I sank my face into my hands, suddenly tired of the matter. “I came here hoping to get better information than I have. But let it be. I have an interview with Channel Thirteen to discuss the whole sorry business; I need to go home to change.”
She tightened her lips. “Do you plan to accuse me on air?”
“I actually didn’t come here to accuse you of anything at all, but you’re so suspicious of me and my motives that I can’t imagine you’d believe any assurances I gave you. I came here hoping that a trained observer like you would have seen something that would give me a new way to think about what’s going on.”
She looked at me uncertainly. “If I told you I didn’t give Durham the files, would you believe me?”
I spread my hands. “Try me.”
She took a breath, then spoke rapidly, looking at the books over her computer. “I happen not to support Mr. Durham’s ideas. I am fully cognizant of the racial injustices that still exist in this country. I have researched and written about black economic and commercial history, so I am more familiar with the history of these injustices than most: they run deep, and they run wide. I took the job of writing that Ajax history, for instance, because I’m having a hard time getting academic history or economics programs to pay attention to me, outside of African-American studies, which are too often marginalized for me to find interesting. I need to earn something while I’m job-hunting. Also, the Ajax archives will make an interesting monograph. But I don’t believe in focusing on African-Americans as victims: it makes us seem pitiable to white America, and as long as we are pitiable we will not be respected.” She flushed, as if embarrassed to reveal her beliefs to a stranger.
I thought of Lotty’s angry vehemence with Max on the subject of Jews as victims. I nodded slowly and told Blount that I could believe her.
“Besides,” she added, her color still deepened, “it would seem immoral to me to make the Ajax files available to an outsider, when they had trusted me with their private documents.”
“Since you didn’t feed inside Ajax information to the alderman, can you think who might have?”

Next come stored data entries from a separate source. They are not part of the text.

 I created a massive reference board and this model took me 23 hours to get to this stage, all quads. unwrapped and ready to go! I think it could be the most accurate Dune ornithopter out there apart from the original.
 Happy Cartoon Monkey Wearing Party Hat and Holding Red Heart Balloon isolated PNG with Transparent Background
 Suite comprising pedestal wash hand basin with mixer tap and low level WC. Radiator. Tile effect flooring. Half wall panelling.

She shook her head. “It’s such a big company. And the files aren’t exactly secret, at least they weren’t when I was doing my research. They keep all of the old material in their company library, in boxes. Hundreds of boxes, as a matter of fact. Recent material they guarded carefully, but the first hundred years-it was more a question of having the patience to wade through it than any particular difficulty gaining access to it. Although you do have to ask the librarian to see it-still, anyone who wanted to study those papers could probably get around that difficulty.”

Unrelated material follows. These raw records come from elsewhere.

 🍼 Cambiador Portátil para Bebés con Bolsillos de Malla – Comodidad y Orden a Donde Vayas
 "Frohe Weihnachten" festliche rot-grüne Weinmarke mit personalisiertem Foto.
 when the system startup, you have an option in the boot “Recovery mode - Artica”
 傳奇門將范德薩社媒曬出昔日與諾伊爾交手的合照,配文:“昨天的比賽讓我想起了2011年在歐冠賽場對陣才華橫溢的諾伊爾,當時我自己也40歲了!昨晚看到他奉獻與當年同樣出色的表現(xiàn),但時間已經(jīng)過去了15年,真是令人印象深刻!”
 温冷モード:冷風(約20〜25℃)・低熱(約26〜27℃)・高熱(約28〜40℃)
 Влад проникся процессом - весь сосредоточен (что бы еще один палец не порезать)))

“So it might be an employee, someone with a grudge, or someone who could be bribed? Or perhaps a zealous member of Alderman Durham’s organization?”
“Any or all of those could be reasonable possibilities, but I have no names to put forward. Still, thirty-seven hundred people of color hold low-level clerical or manual-laboring positions in the company. They are underpaid, underrepresented in supervisory positions, and often are treated to overt racial slurs. Any of them could become angry enough to undertake an act of passive sabotage.”

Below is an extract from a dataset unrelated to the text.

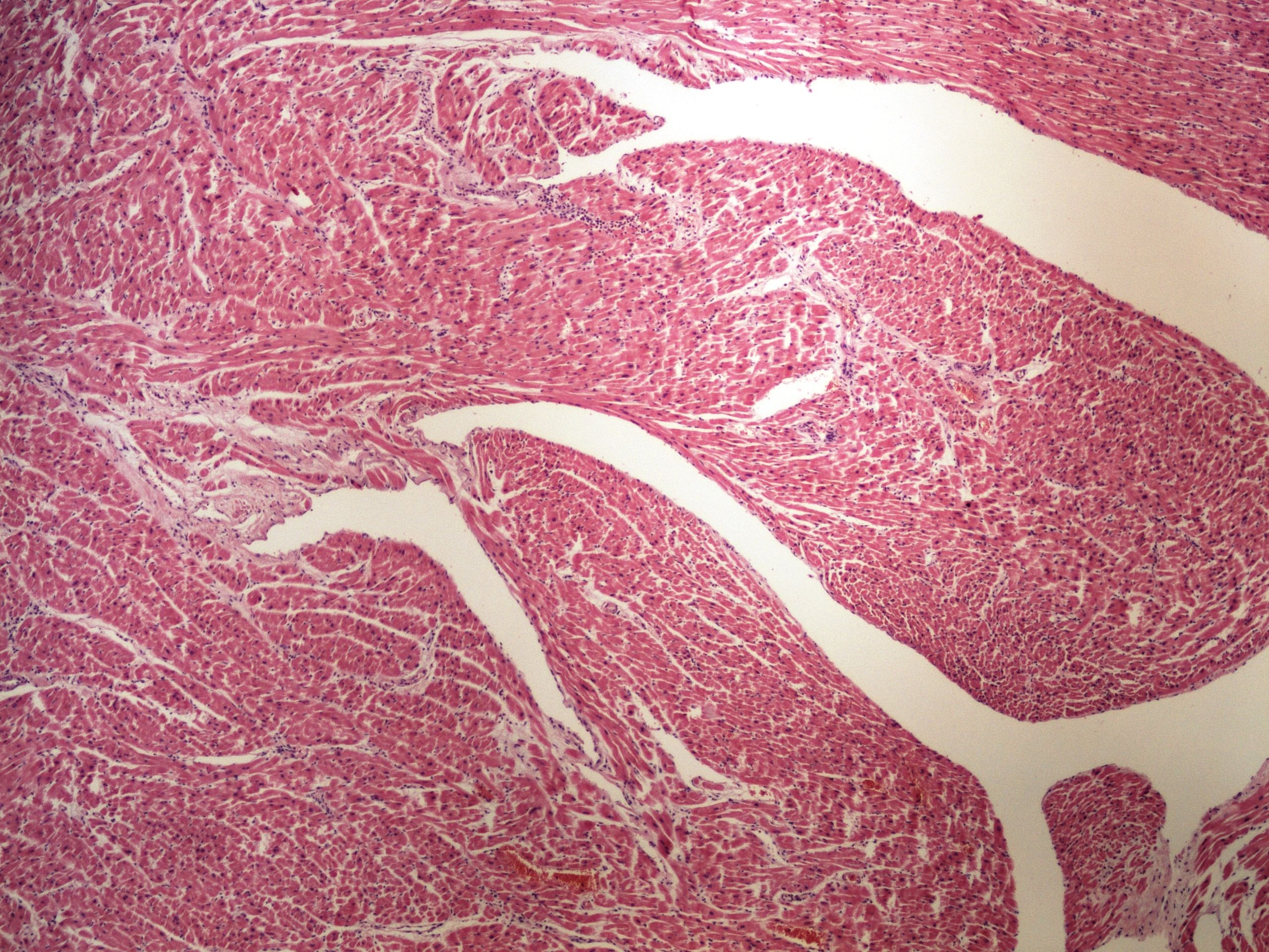 Preparát č.3 a č.4 - myokard (HE)

I stood up, wondering if someone in the Sommers extended family was among the low-level clerks at Ajax. I thanked Amy Blount for being willing to talk to me and left her one of my cards, in case anything else occurred to her. As she walked me to the door I stopped to admire the picture of the squatting woman. Her head was bent over the basket in front of her; you didn’t see her face.
“It’s by Lois Mailou Jones,” Ms. Blount said. “She also refused to be a victim.”